## What the exercise asks
Please set down exactly the lines from the one that contains "Fig. 2. Antimicrobial use by rabbit's farmers" through the end of the material, leaving out every picture.

┌──

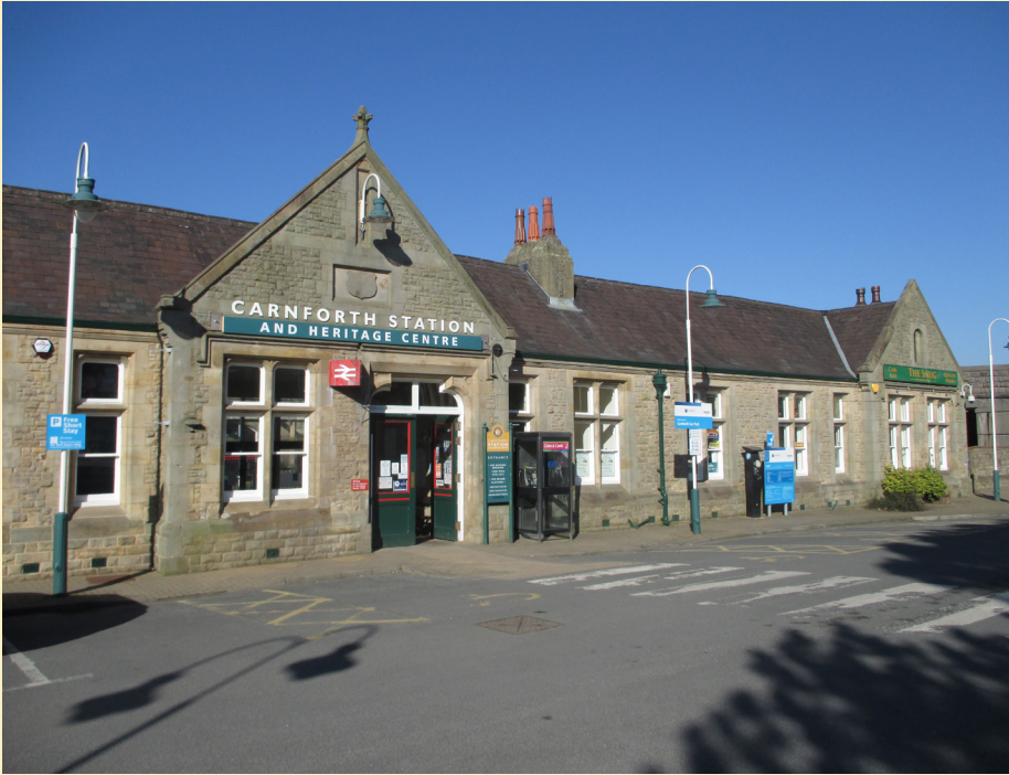
Carnforth Station (1880)
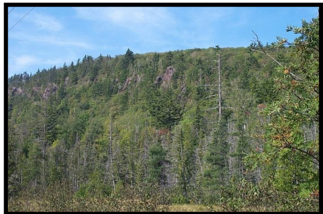
Marsh area below the Cliffs

Land and water resources are the foundation of Keweenaw County. Because natural features are interrelated and disturbance in
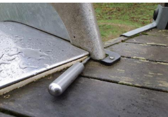
Action: Monitor - No remedial work recommended
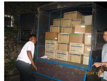
Photo on the left shows medical supplies lorri from Regency Colombo Rotary Club.
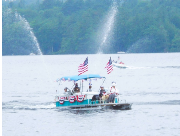
The Fourth of July Boat Parade is a beloved lake tradition.

Over the next century, the lake continued to support local industry. Eventually,
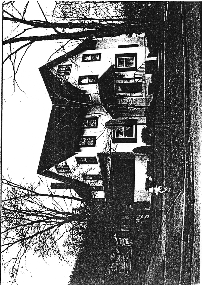
4 West 5th
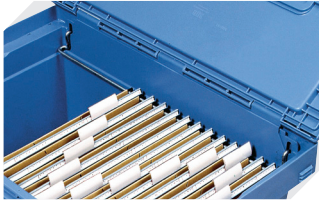
Rails for A4 hanging files for multi-purpose containers MB 6-11920
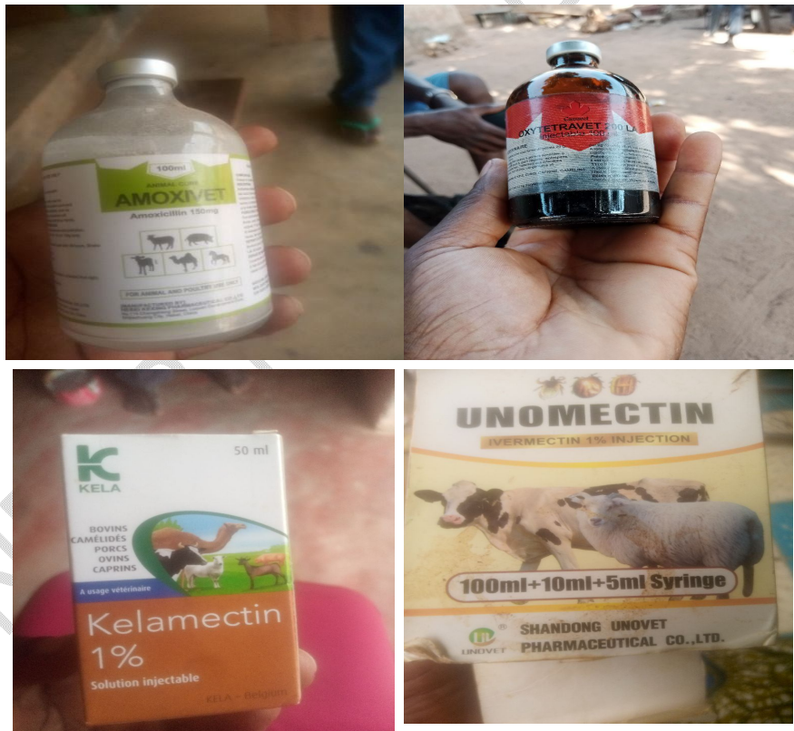
Fig. 2. Antimicrobial use by rabbit's farmers
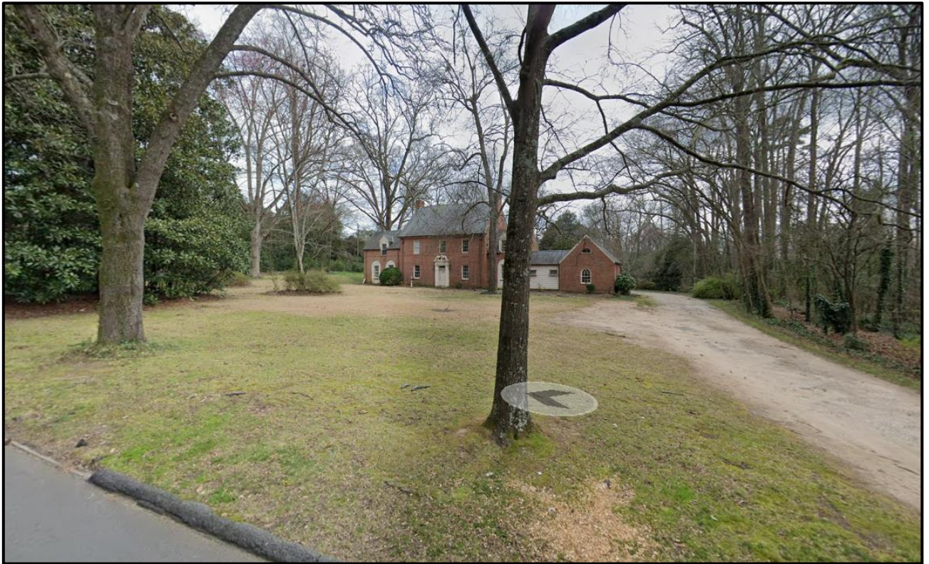
Streetview from Mecklenburg Avenue looking southeast toward the subject property. The Shaw House can be seen in the background and would be rehabbed with this petition.
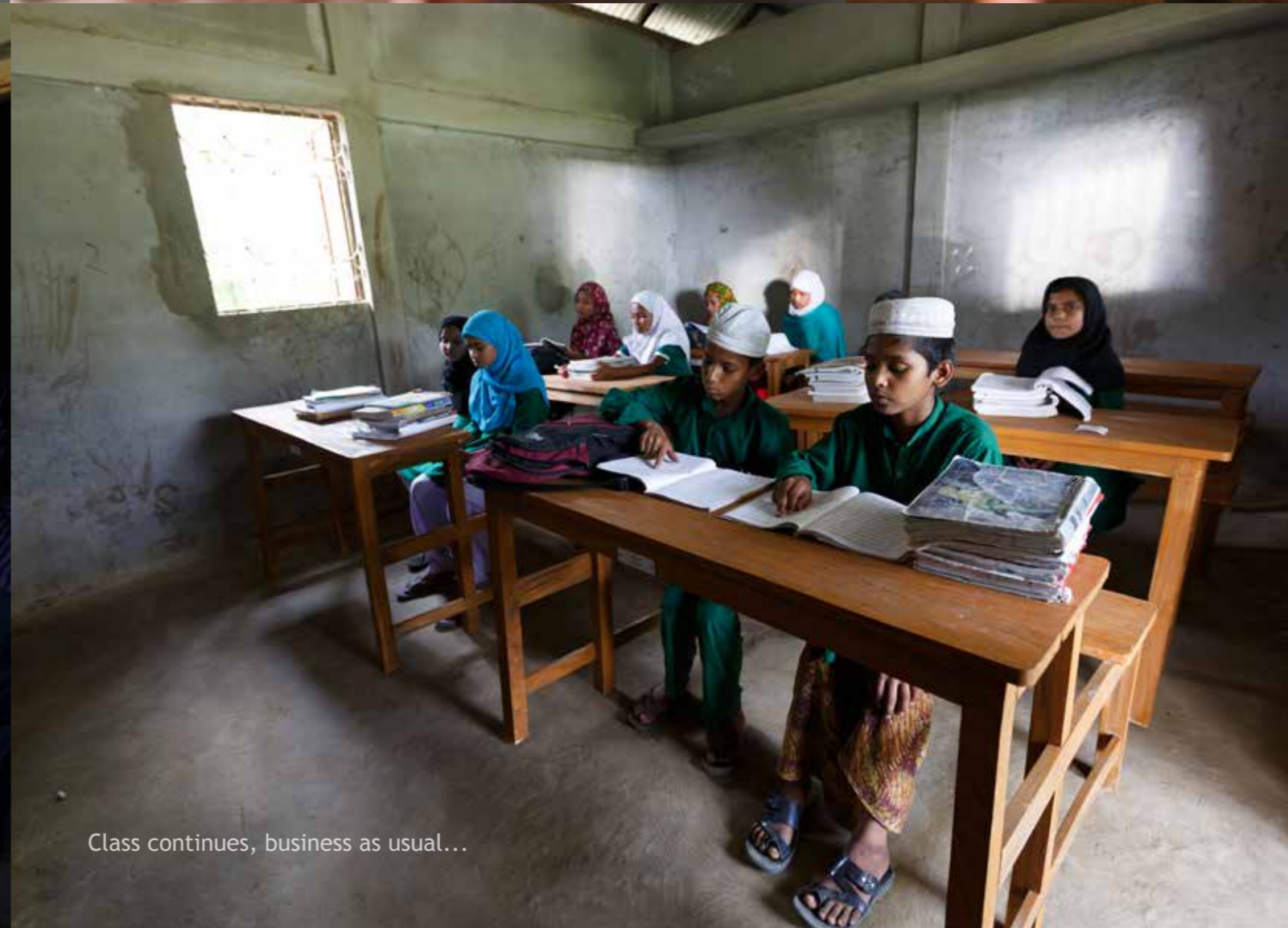
Class continues, business as usual...
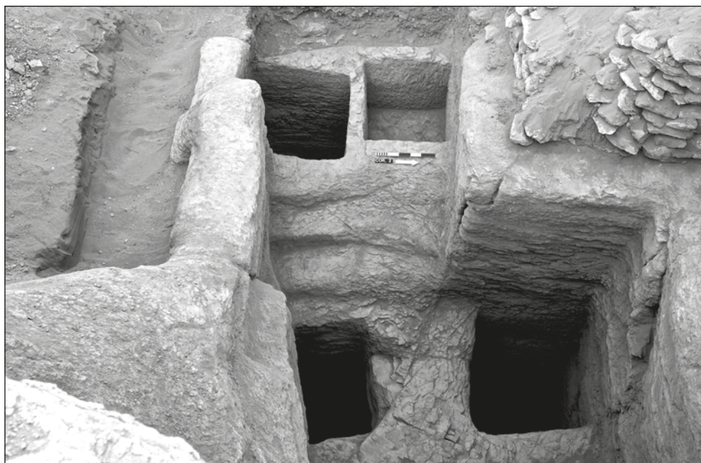
Fig. 8. East part of the Dry Moat: Old Kingdom funerary shafts explored in 2014, in front of Corridor 2

and prevent its disintegration. Once the wooden elements were suitably documented (photographs, drawings, description), they were dismantled and conserved. The coffin was reinforced

└──

## Solution to this problem
Fig. 2. Antimicrobial use by rabbit's farmers
Streetview from Mecklenburg Avenue looking southeast toward the subject property. The Shaw House can be seen in the background and would be rehabbed with this petition.
Class continues, business as usual...
Fig. 8. East part of the Dry Moat: Old Kingdom funerary shafts explored in 2014, in front of Corridor 2

and prevent its disintegration. Once the wooden elements were suitably documented (photographs, drawings, description), they were dismantled and conserved. The coffin was reinforced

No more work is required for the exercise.